Ormsby had been a customs officer for 34 years before he decided to apply for the dog handling program in 2013. According to him, his fellow officers abused their dogs to get them to comply with orders. “I didn’t agree with their working style,” he testified, “or the punishments they dished out to the dogs if they did anything wrong.”

Ormsby says that he was mocked and harassed by his trainers and colleagues because he treated Buddy, the dog he was assigned to work with, with compassion.
One notable incident involved a dog that urinated on the office carpet. “[The officer] picked up the dog by its harness, punched the dog in the head, and shook him violently up and down while holding onto the back of the harness,” Ormsby said. “Then he threw the dog across the room to the exit, before going over to him, picking him up again, and throwing him into the hallway.”

According to Ormsby’s testimony, that wasn’t an isolated incident, and such treatment was not only tolerated by the customs officials, but encouraged. His conflict with the trainers culminated about a week before his final test. Ornsby was called into a meeting during which his trainer told the managers that he didn’t think that there was any chance Ornsby could pass the test. He was immediately removed from the course and dismissed.

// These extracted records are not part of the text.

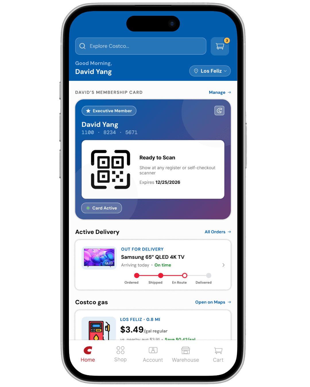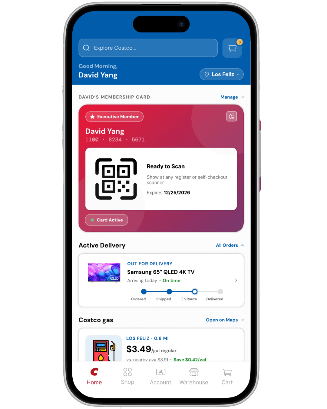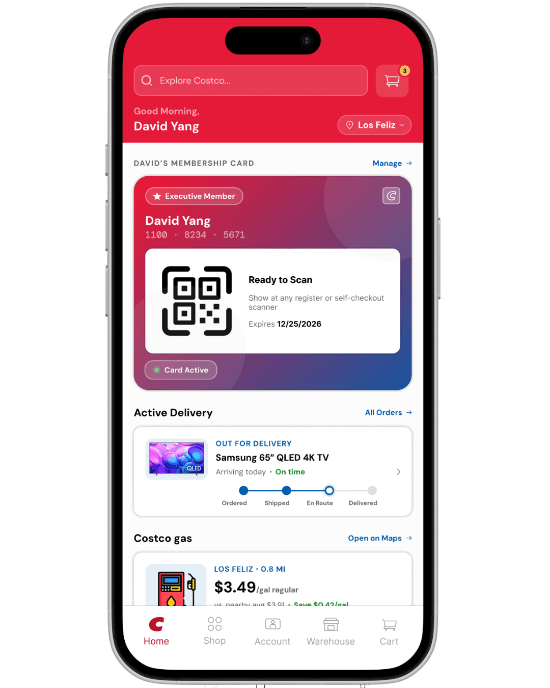 I recategorized the homepage around real usage priority: membership card access first, active delivery tracking second, Costco gas third. These three features account for the majority of intent driven app opens, yet none of them had meaningful surface area in the original design.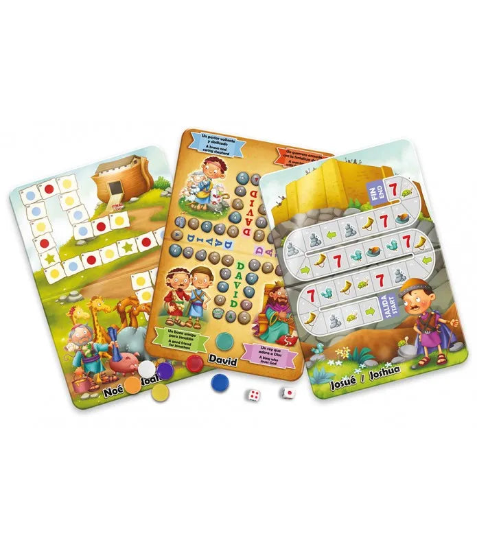 Multi-diversión en grande, que dará a los niños un agradable entretenimiento y aprendizaje. Los pequeños se divertirán a lo grande con esta caja de juegos de mesa con personajes bíblicos.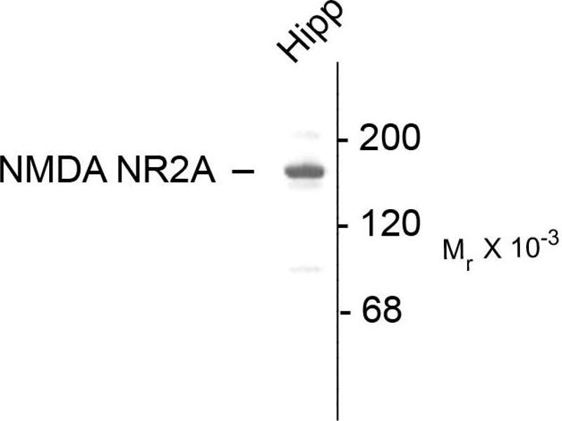 Specific for endogenous levels of the ~180 kDa NR2A subunit of the NMDA receptor. No reactivity towards the NR2B and NR2C subunits. Immunolabeling is blocked by pre-adsorption of antibody with the fusion protein used to generate the antibody.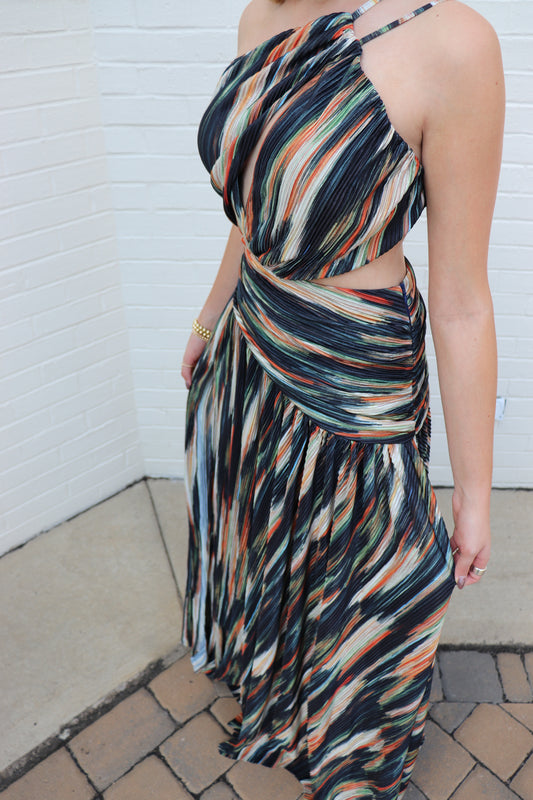 Pleated Multi Color Maxi Dress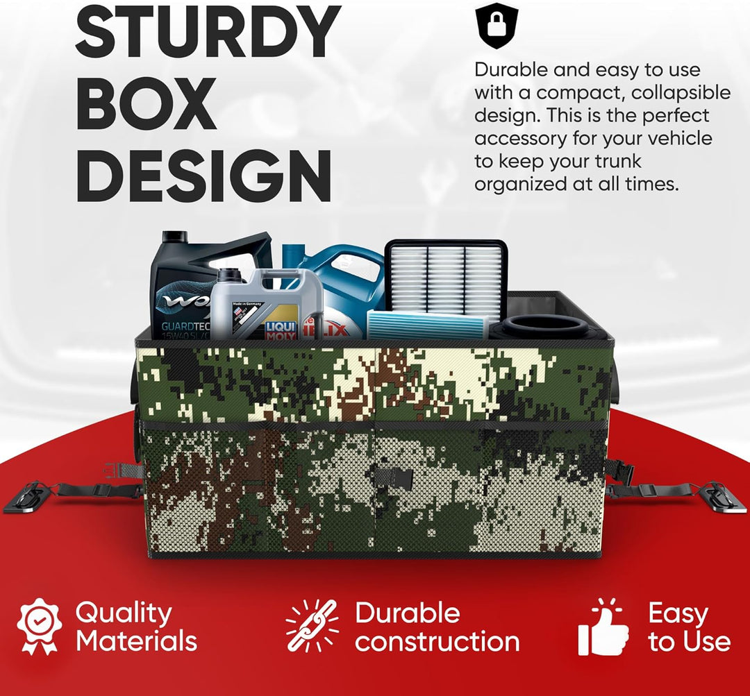 - · Bleibt fest an Ort und Stelle - Unsere Organizer Kofferraum Box hat rutschfeste Streifen, um ein Verrutschen zu verhindern, sowie verstellbare Gurte mit Metallhaken zur Befestigung in Ihrem Kofferraum. Verstauen Sie kleine Gegenstände in den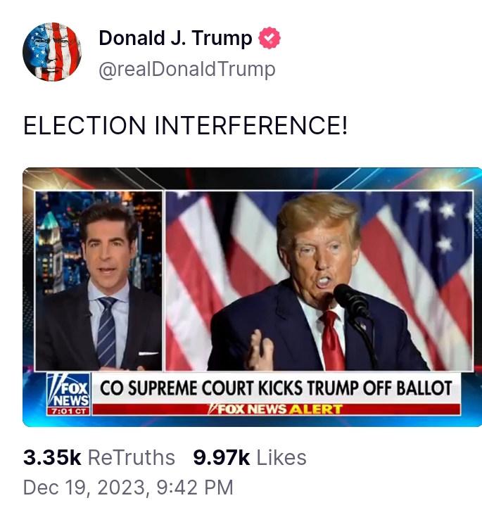Ok. So hopefully, SCOTUS will let Trump run for President … – but what does this say about the judicial system !!! Most decisions below SCOTUS are not taken by SCOTUS. So numerous people are screwed by a perversion of a justice system. What about justice for the J6ers, Giuliani, … WHY SHOULD WE HAVE ANY RESPECT FOR ANY DECISION FROM THE “JUSTICE SYSTEM”??? Where are the fake fraud phony GOP House – who kicked out Santos even though Santos was not even kangaroo convicted yet – STOP FUNDING THIS – ALL OF THIS – No money from the House of Representatives for DOJ, FBI, IRS etc. No money from the House of Representatives for mutilation atrocities against the children, No more money from the House of Representatives for Ukraine and Iran, No more money from the House of Representatives for DHS if all they do is serve as at taxi service for illegals. No more money from the House of Representatives to violate us with ‘gene therapy’ mandates … – and when a budget is reached the federal bureaucracy will get paid retroactively – IT’S HORRIFIC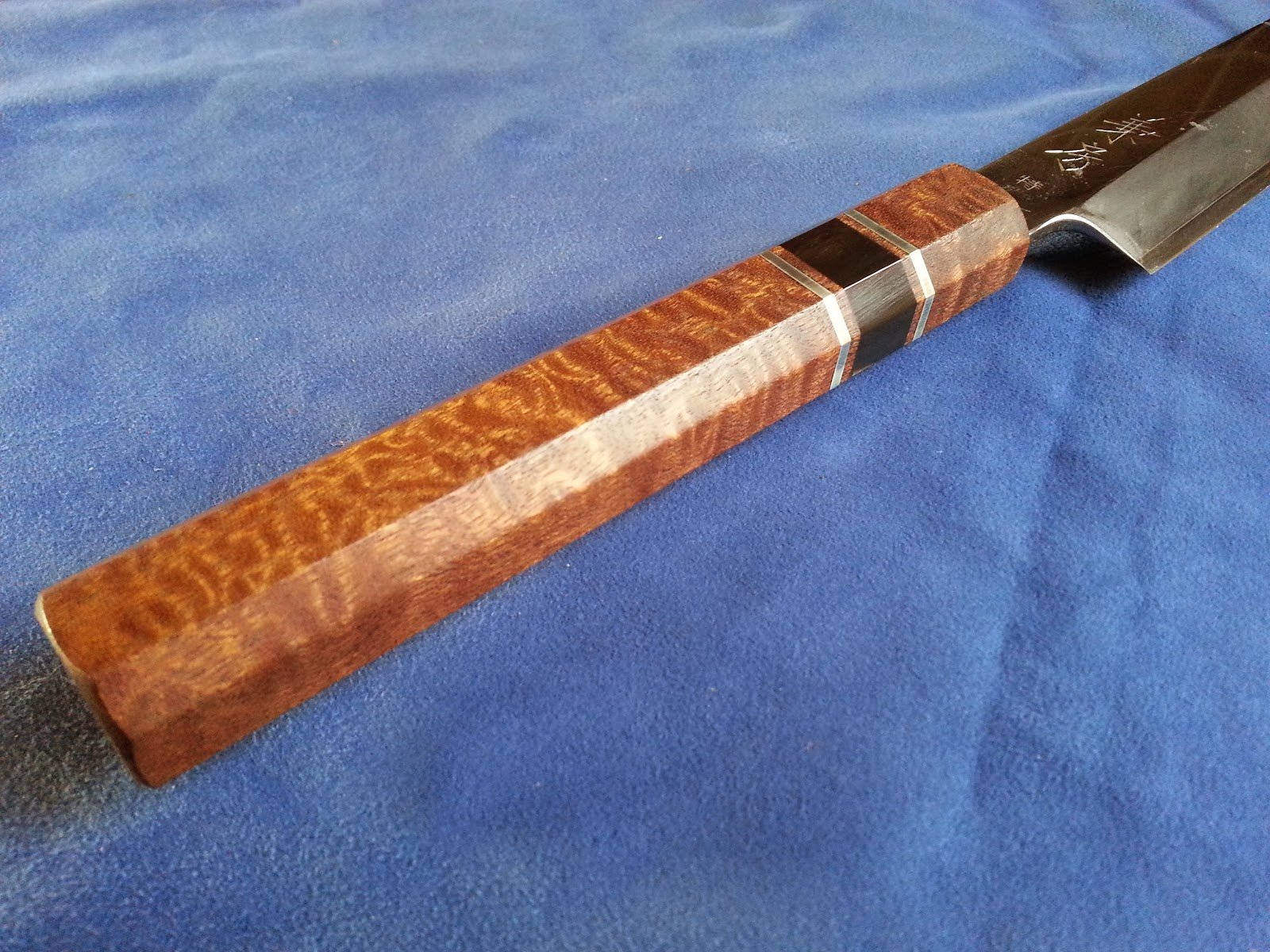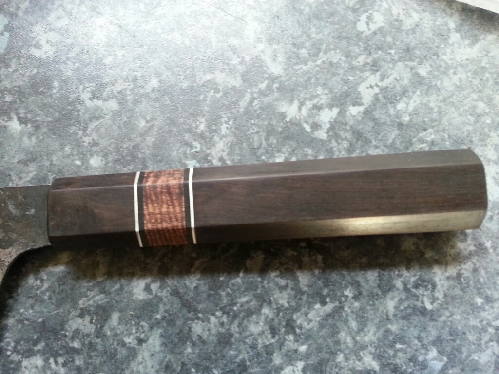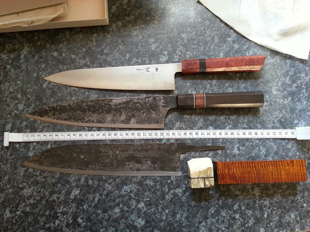 I have to say that I brought a lot of stuff from Denmark. . We got a lot of stuff for free. I bought Yoshiaki Fujiwara Kato Petty 150mm. We made new Cedar wood saya for this one straight away which I got from Bo. Also Maxim gave me two very nice pieces of Ironwood and black ebony to make handles for my Kato's.

All dog lovers can be glad that the tribunal decided in Ornsby’s favor, but unfortunately, the decision said little about the appropriate treatment of dogs. It focused more on the fact that Ornsby was dismissed before he had a chance to prove himself in the final test: “To allow the applicant to take the test would have proved beyond doubt whether or not he was capable of being a dog handler,” the tribunal said in their decision. “Given the importance of the test and the fact that it was less than two weeks away, the decision to deny the applicant to prove his worth was fundamentally flawed.”
We’re happy that an injustice was corrected, but as of now, there’s no sign that an investigation into the treatment of customs dogs is being considered, which is an even greater injustice than Ornsby’s termination.